With all pictures omitted, return verbatim the lines from the beginning of the records below through the line containing "[ÅåÅå´º½º]°Áø±º °ÁøÀ¾ÀÌ Áö³".

[Dataset items]
========================
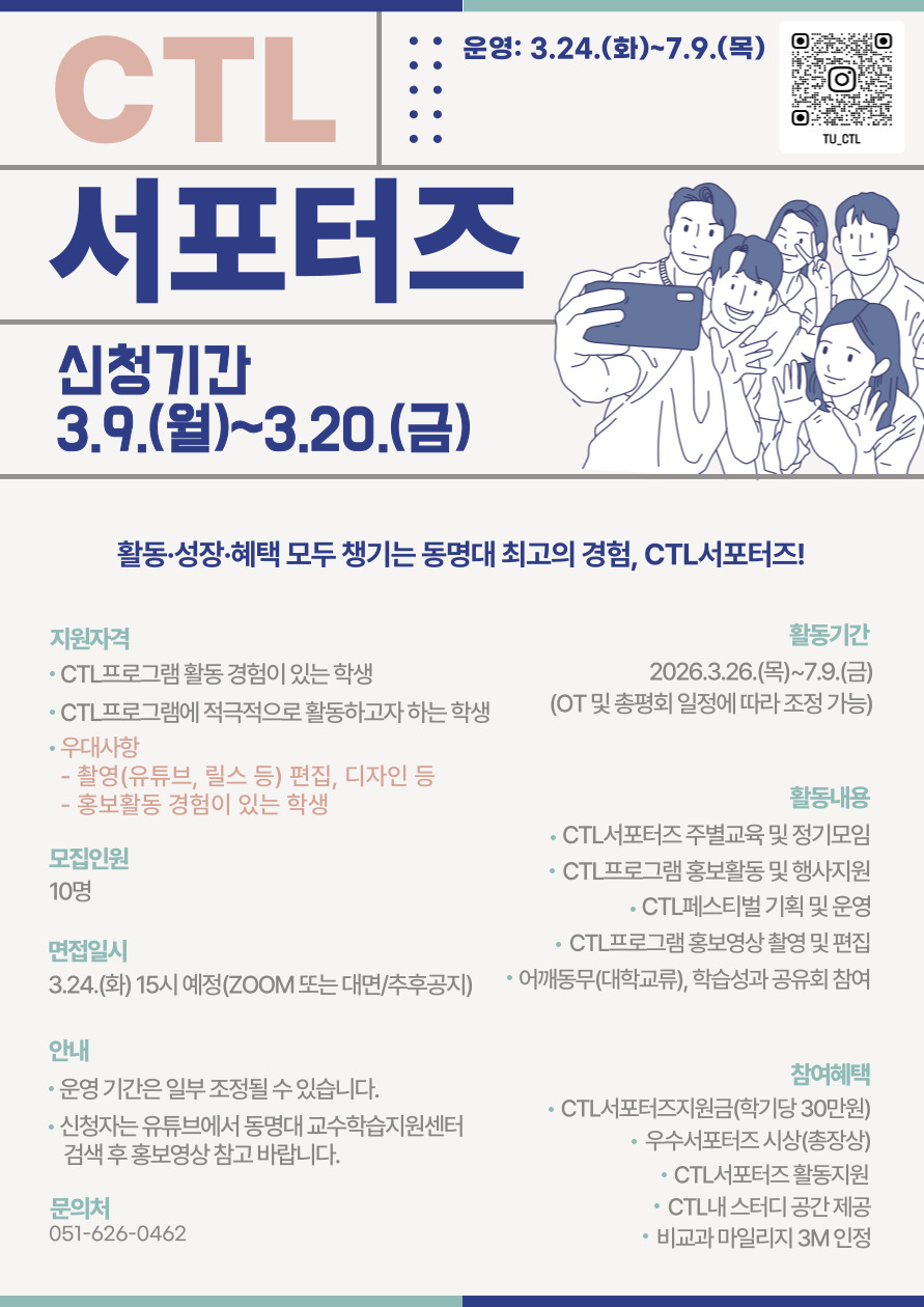 2026학년도 1학기 제25기 CTL서포터즈 프로그램 참여 학생을 아래와 같이 모집하오니, 많은 참여 부탁드립니다.
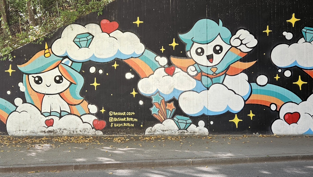 Viktor Höricht und Justus Körtgen hatten beide die Fachoberschule in Unterschleißheim mit der Fachrichtung Gestaltung abgeschlossen. 2021 besprühten der 21-jährige Kunst- und der ein Jahr ältere Architekturstudent die Betonwände der Fußgänger- und Radlerrampen im Norden des S-Bahnhofs Unterschleißheim, und im Jahr darauf folgten die auf der Südseite. So entstanden mehrere hundert Meter lange bunte Märchenwelten.
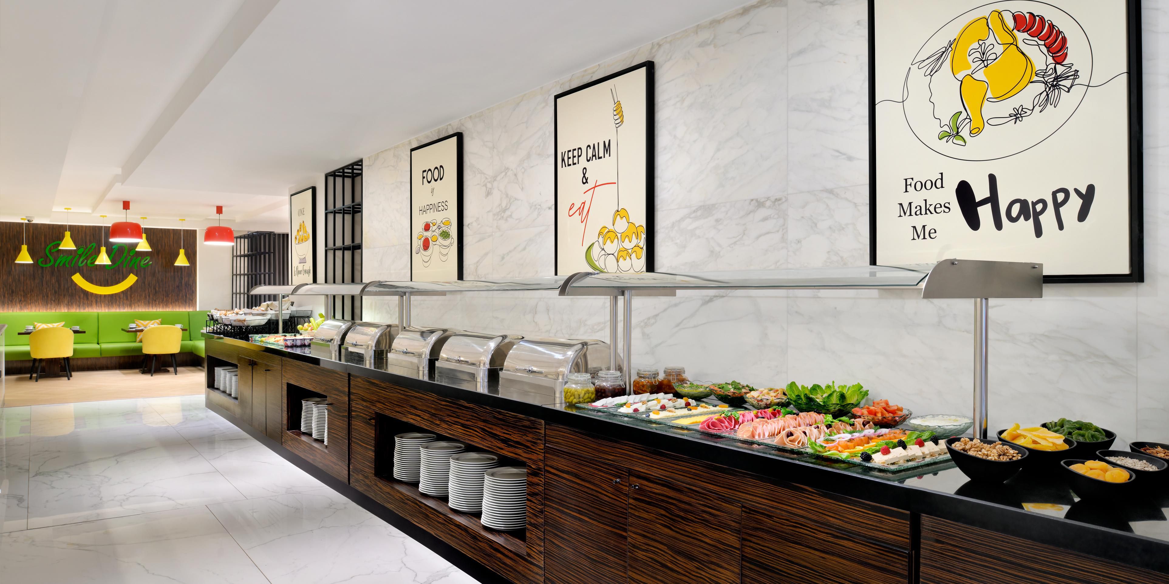 The Palms restaurant is your all day dining destination featuring an international buffet with a variety of global flavors each dish is crafted with top tier ingredients offering smoked juicy and velvety creations. Nourish yourself with our organic breakfast ingredients then indulge in diverse lunch options. In the evening join our themed dinner nights showcasing a range of cultures through authentic cuisines.
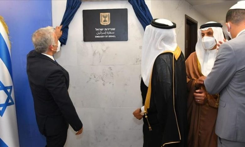 والخميس، افتتحت إسرائيل، سفارتها في العاصمة البحرين المنامة، رسميًا، بحضور وزير خارجية تل أبيب، يائير لابيد، ووزير الخارجية البحريني، عبد اللطيف الزياني.
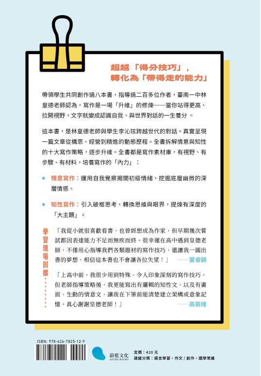 這不僅是一本工具書,更是林皇德老師與學生李沁玹跨越世代的對話,真實呈現一篇文章從構思到精進的動態歷程。全書都是寫作素材庫,有視野、有步驟、有材料,培養寫作的「內力」,逐步升維。本書將拆解情意與知性的十大寫作策略:
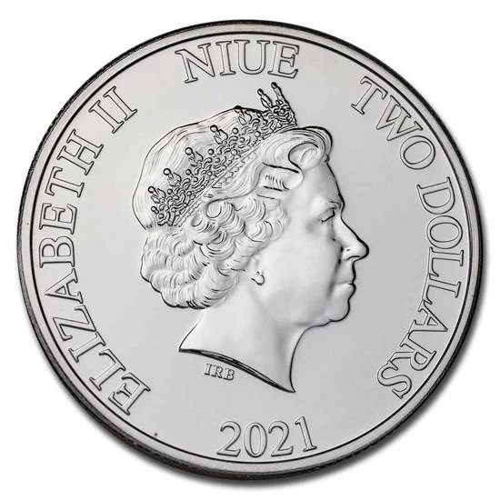 Awers srebrnej monety zdobi podobizna Królowej Elżbiety II oraz informacja o wartości nominalnej i roku bicia monety. Na awersie znajdują się inicjały projektanta - IRB, Iana Rank-Broadleya.
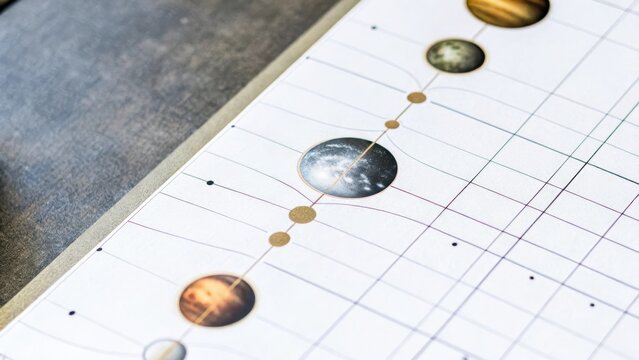 A close-up of a printed solar system chart showing planets aligned with orbital paths and s on a white background with a textured surface beneath.
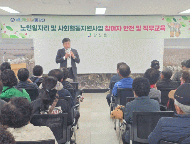 [ÅåÅå´º½º]°Áø±º °ÁøÀ¾ÀÌ Áö³ 5ÀÏ °ÁøÀ¾»ç¹«¼Ò ´ëȸÀǽǿ¡¼ ³ëÀÎÀÏÀÚ¸®»ç¾÷ Âü¿© ¾î¸£½Å 261¸íÀ» ´ë»óÀ¸·Î ³ëÀÎÀÏÀÚ¸®»ç¾÷ ¾ÈÀü±³À°À» ½Ç½ÃÇß´Ù.
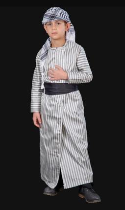 قمباز تقليدي طقم بقطعه الأربعة كاملة؛ الحطة الفلسطينية المهدبة يدوياً والتي يجب أن تتواجد في خزانة كل شخص منا، مع قمباز مصنوع من قماش الصاية والقطن، وشروال من قماش البوليستر، وأخيراً الشملة التي هي عبارة عن قطعة من القماش تربط على الخصر.
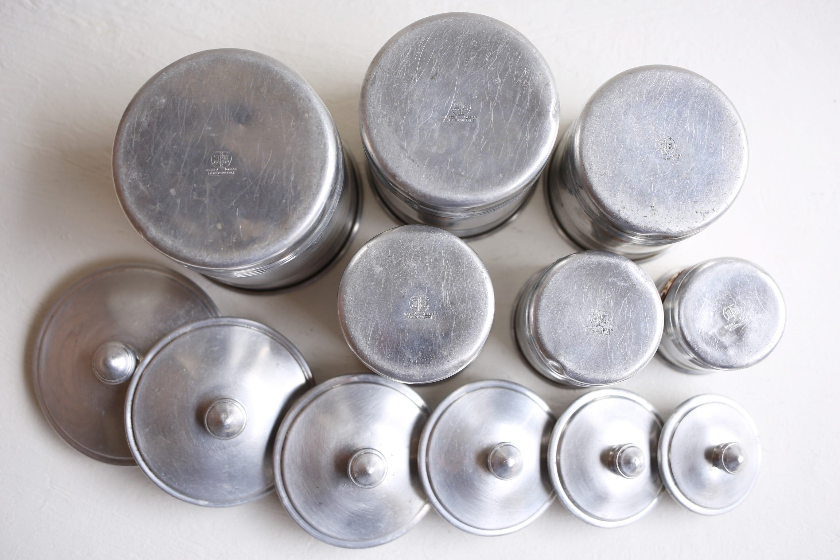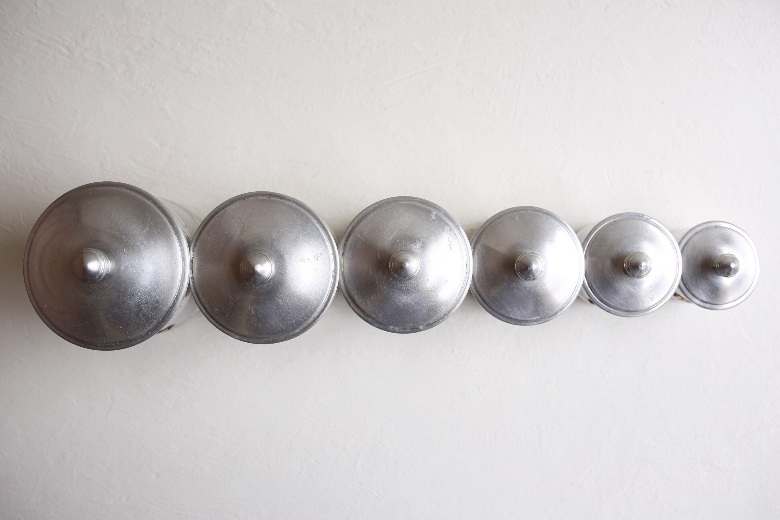 フランス アンティーク ヴィンテージ アルミ製 キャニスター 6個セット N-00069
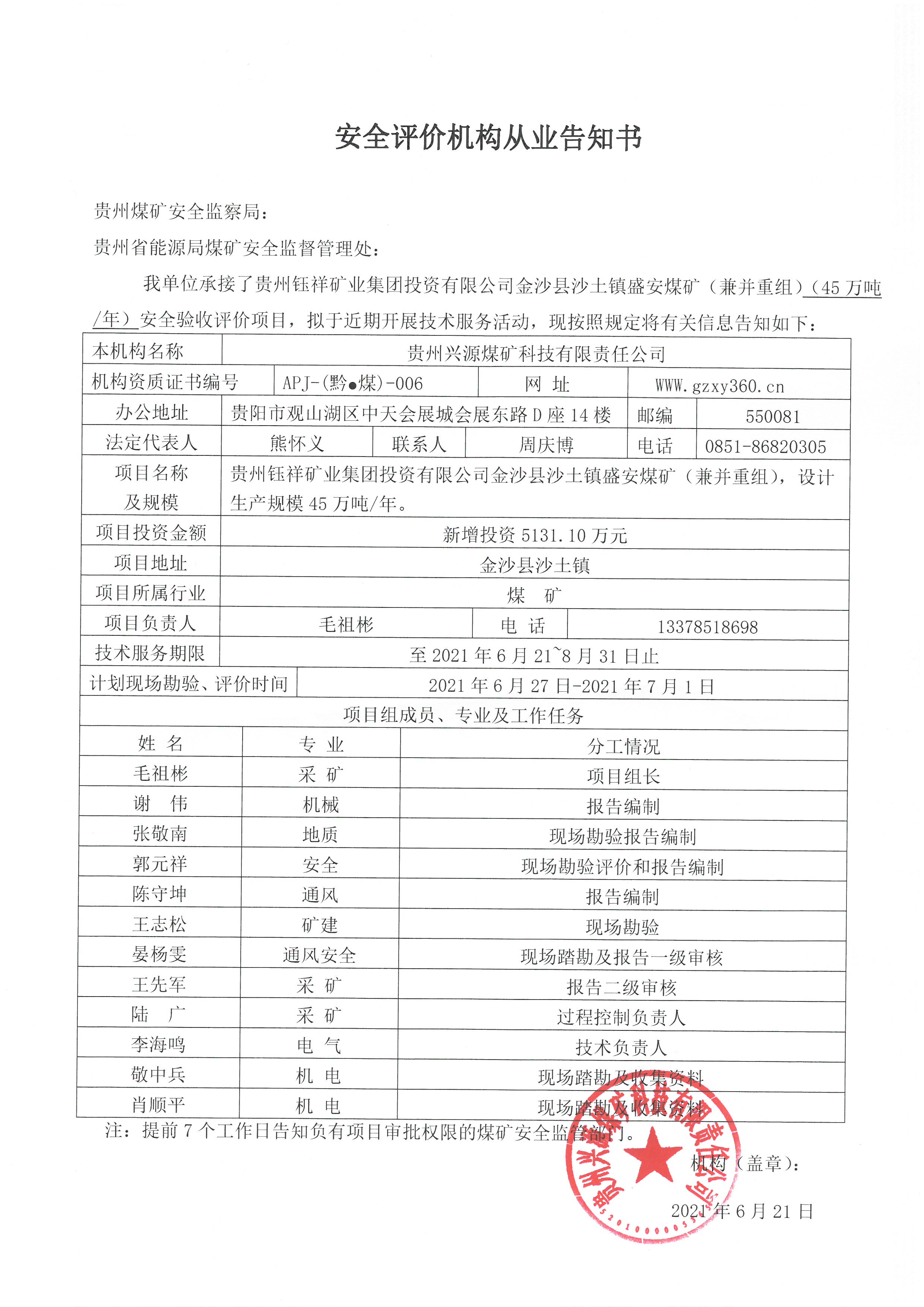 安全評價機構從業(yè)告知書(貴州鈺祥礦業(yè)集團投資有限公司金沙縣沙土鎮(zhèn)盛安煤礦(兼并重組)(45萬噸年)安全驗收評價)
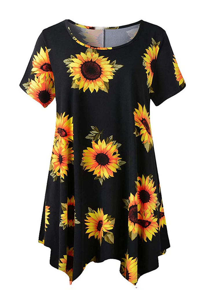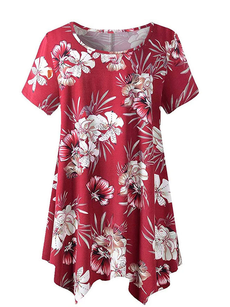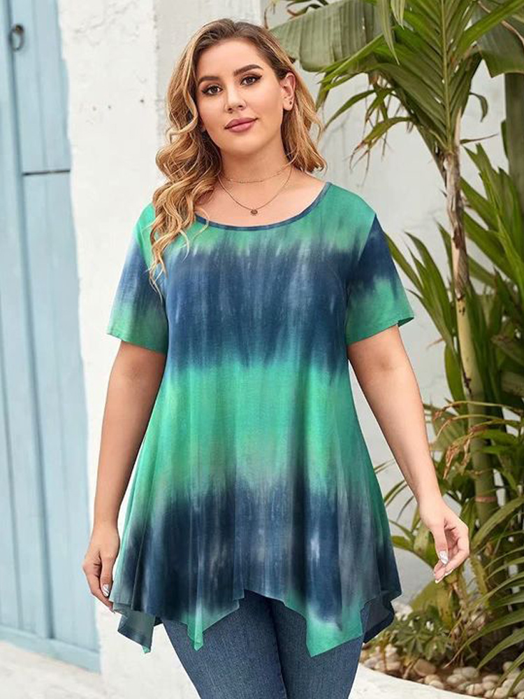 5XL 6XL Plus Size Women Clothing Summer Short Sleeve Tie Dye Print Casual Tee Shirt Peplum Tops Irregular Long Blouse
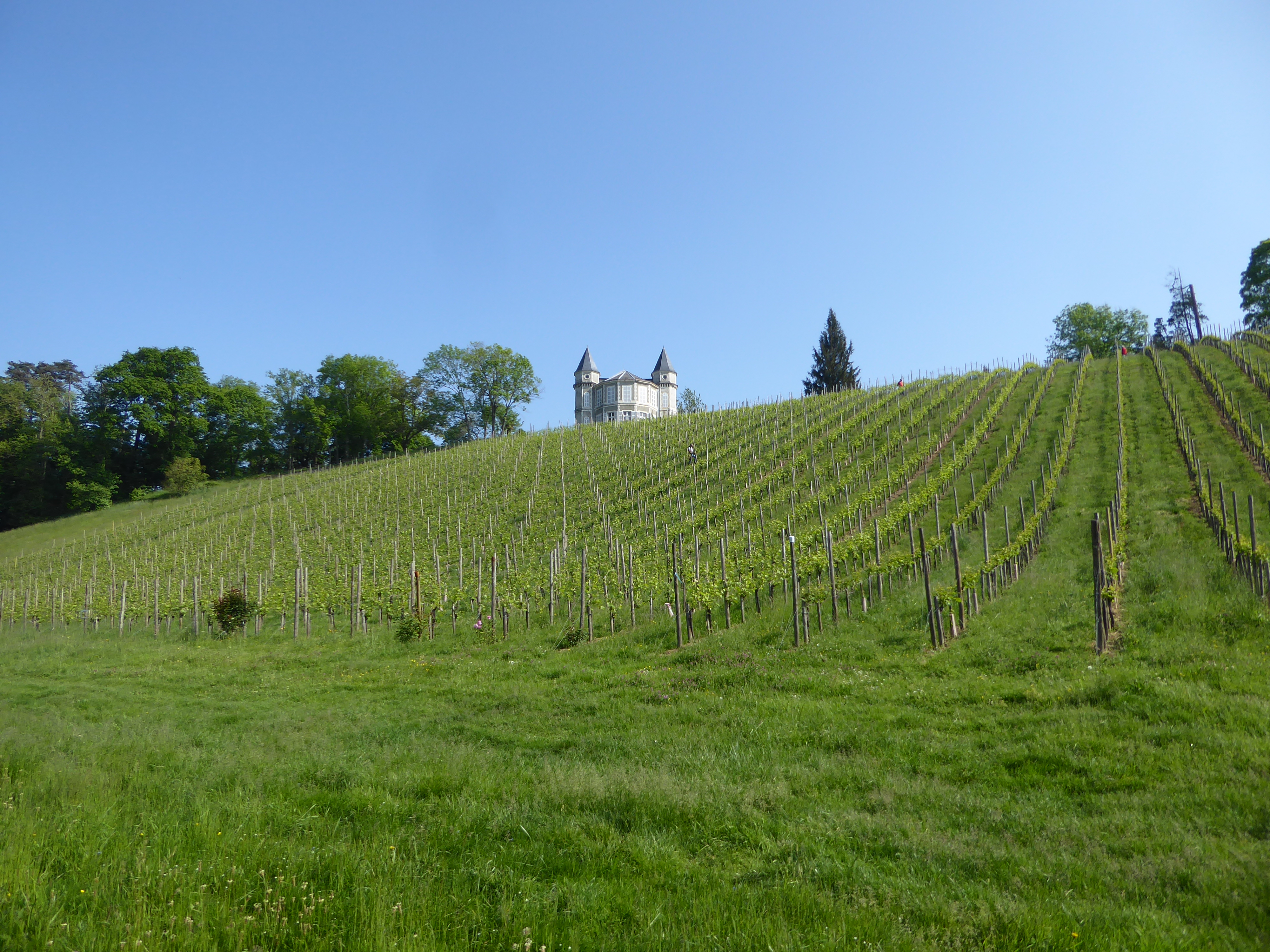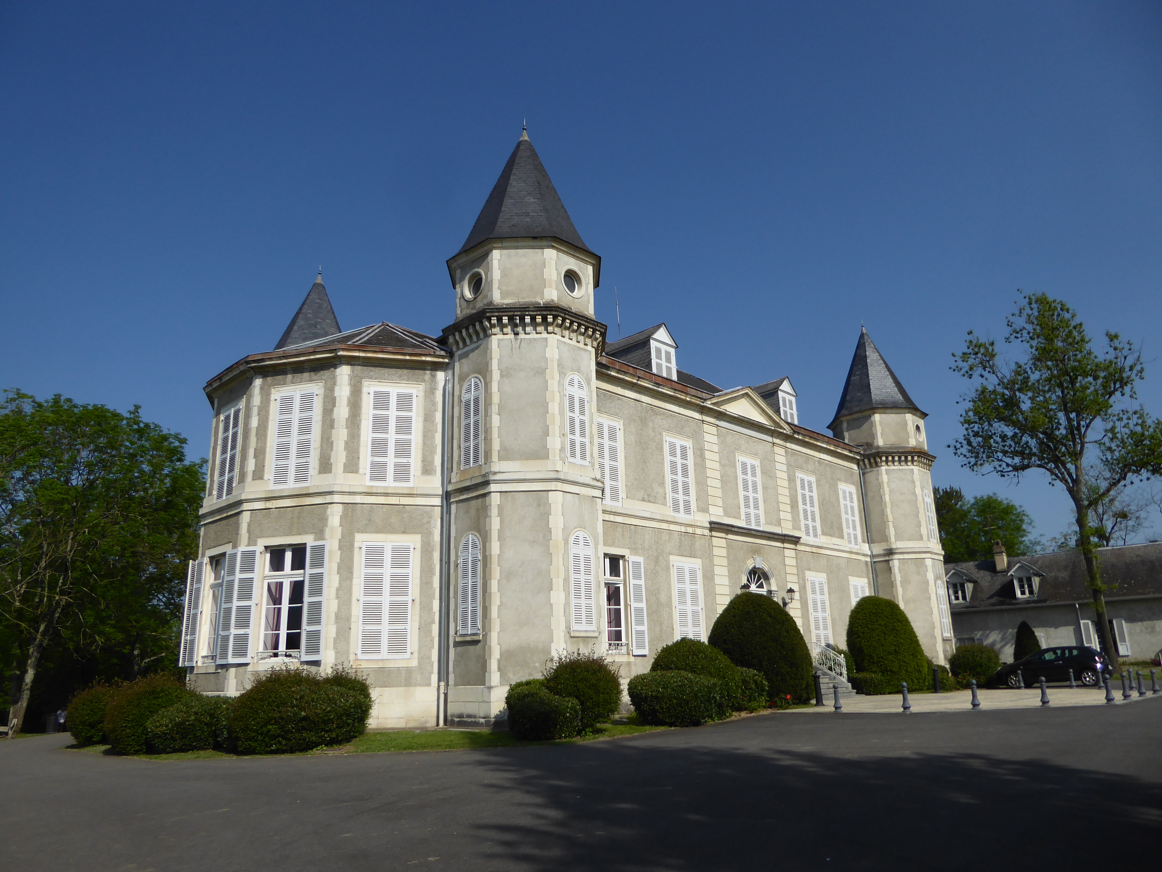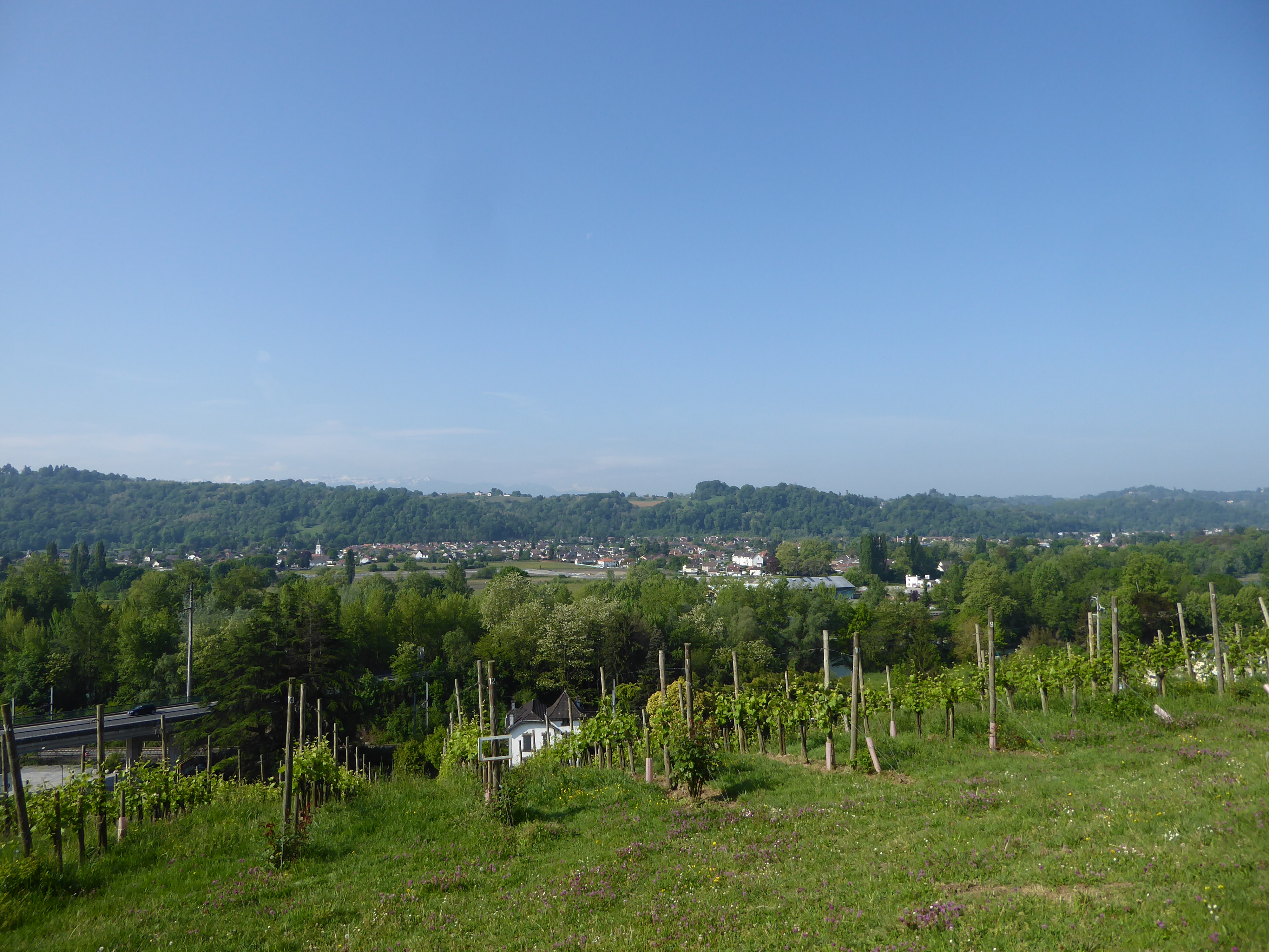 Arrivée au Château de Franqueville (225 m) : beau point de vue sur la Vallée du Gave de Pau du Pays de Nay jusqu'au Jurançonnais ; les sommets bigourdans et béarnais sont également bien visibles
========================
**Answer space:**
 2026학년도 1학기 제25기 CTL서포터즈 프로그램 참여 학생을 아래와 같이 모집하오니, 많은 참여 부탁드립니다.
 Viktor Höricht und Justus Körtgen hatten beide die Fachoberschule in Unterschleißheim mit der Fachrichtung Gestaltung abgeschlossen. 2021 besprühten der 21-jährige Kunst- und der ein Jahr ältere Architekturstudent die Betonwände der Fußgänger- und Radlerrampen im Norden des S-Bahnhofs Unterschleißheim, und im Jahr darauf folgten die auf der Südseite. So entstanden mehrere hundert Meter lange bunte Märchenwelten.
 The Palms restaurant is your all day dining destination featuring an international buffet with a variety of global flavors each dish is crafted with top tier ingredients offering smoked juicy and velvety creations. Nourish yourself with our organic breakfast ingredients then indulge in diverse lunch options. In the evening join our themed dinner nights showcasing a range of cultures through authentic cuisines.
 والخميس، افتتحت إسرائيل، سفارتها في العاصمة البحرين المنامة، رسميًا، بحضور وزير خارجية تل أبيب، يائير لابيد، ووزير الخارجية البحريني، عبد اللطيف الزياني.
 這不僅是一本工具書,更是林皇德老師與學生李沁玹跨越世代的對話,真實呈現一篇文章從構思到精進的動態歷程。全書都是寫作素材庫,有視野、有步驟、有材料,培養寫作的「內力」,逐步升維。本書將拆解情意與知性的十大寫作策略:
 Awers srebrnej monety zdobi podobizna Królowej Elżbiety II oraz informacja o wartości nominalnej i roku bicia monety. Na awersie znajdują się inicjały projektanta - IRB, Iana Rank-Broadleya.
 A close-up of a printed solar system chart showing planets aligned with orbital paths and s on a white background with a textured surface beneath.
 [ÅåÅå´º½º]°Áø±º °ÁøÀ¾ÀÌ Áö³ 5ÀÏ °ÁøÀ¾»ç¹«¼Ò ´ëȸÀǽǿ¡¼ ³ëÀÎÀÏÀÚ¸®»ç¾÷ Âü¿© ¾î¸£½Å 261¸íÀ» ´ë»óÀ¸·Î ³ëÀÎÀÏÀÚ¸®»ç¾÷ ¾ÈÀü±³À°À» ½Ç½ÃÇß´Ù.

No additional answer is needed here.